What scares you most about the writing process?

I tend to write without an outline. I have a vague idea where I’m going when I start writing a novel, but I have no plan on how to get there. I take it on faith that the road will reveal itself along the way. That can lead to a lot of wrong turns and dead ends. So there is always a moment about halfway into a first draft where I get scared that I’m not going to figure out the rest of it. I calm down by reminding myself that it has come together before and will work out this time too. Probably.

What’s the scariest movie or TV show you’ve ever seen?

I don’t watch a lot of straight-up horror movies. But I do like a good slow burn with a creepy twist. Get Out. The Sixth Sense. The Cabin in the Woods. Scream. The Others. All great twisty flicks that I can’t watch alone at night. But one that really scared me was Identity. It’s an indirect riff on Agatha Christie’s And Then There Were None with an amazing cast. Definitely an underrated gem. 

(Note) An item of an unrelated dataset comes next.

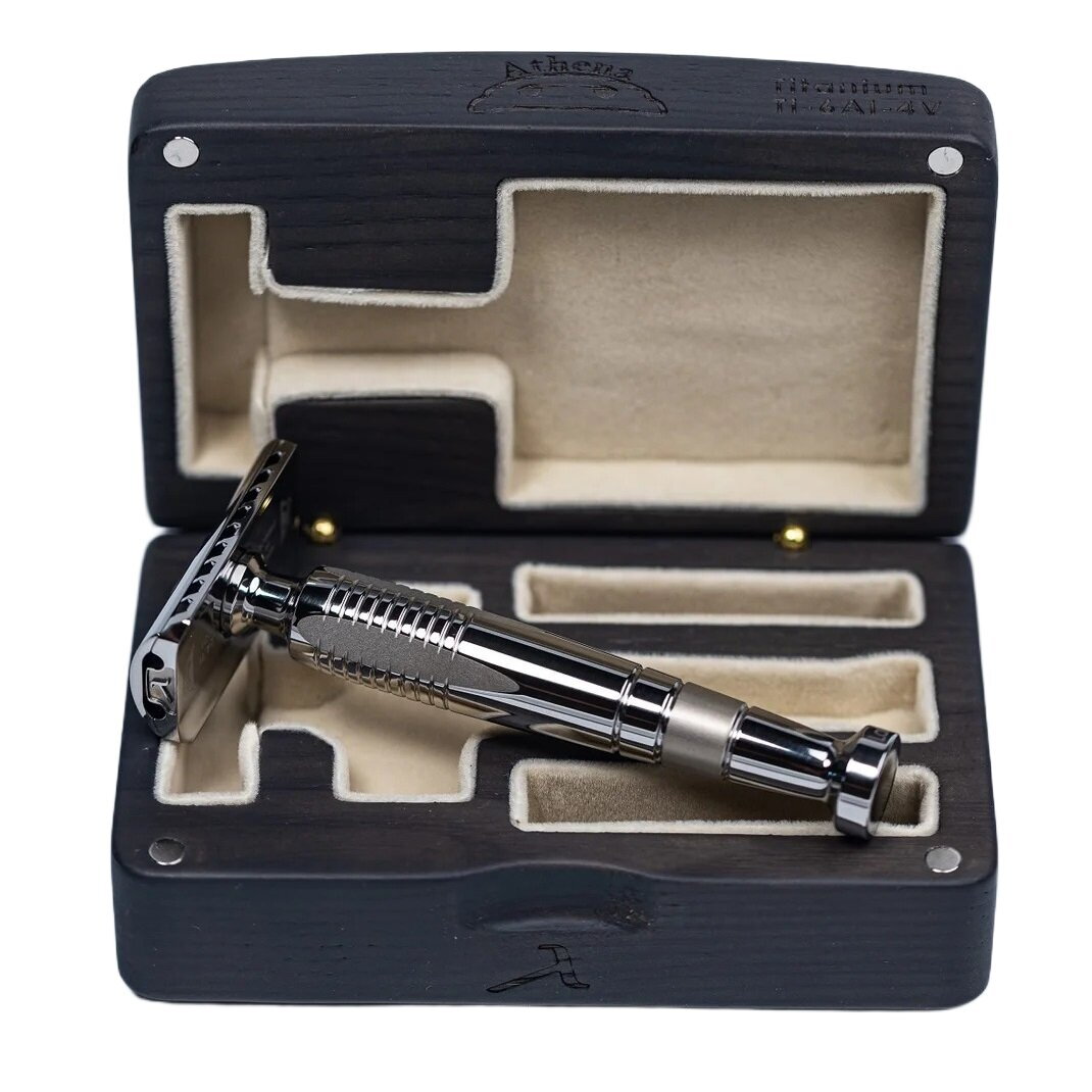 The Lambda Athena Titanium razor will arrive to its owner in a luxurious case made of Manchurian Ash (Tamo) wood, a durable, resilient and textured material. The top lid of the box bears the brand logo.

What’s worse: clowns or spiders?

Yeah. Spiders. No contest.

Michael Landweber lives and writes in Washington, DC. He is the author of three novels: The In Between, We, and Thursday 1:17 p.m. His short stories have appeared in literary magazines such as Gargoyle, Fourteen Hills, Fugue, Barrelhouse, and American Literary Review. He is an associate editor at Potomac Review and a contributor for the Washington Independent Review of Books.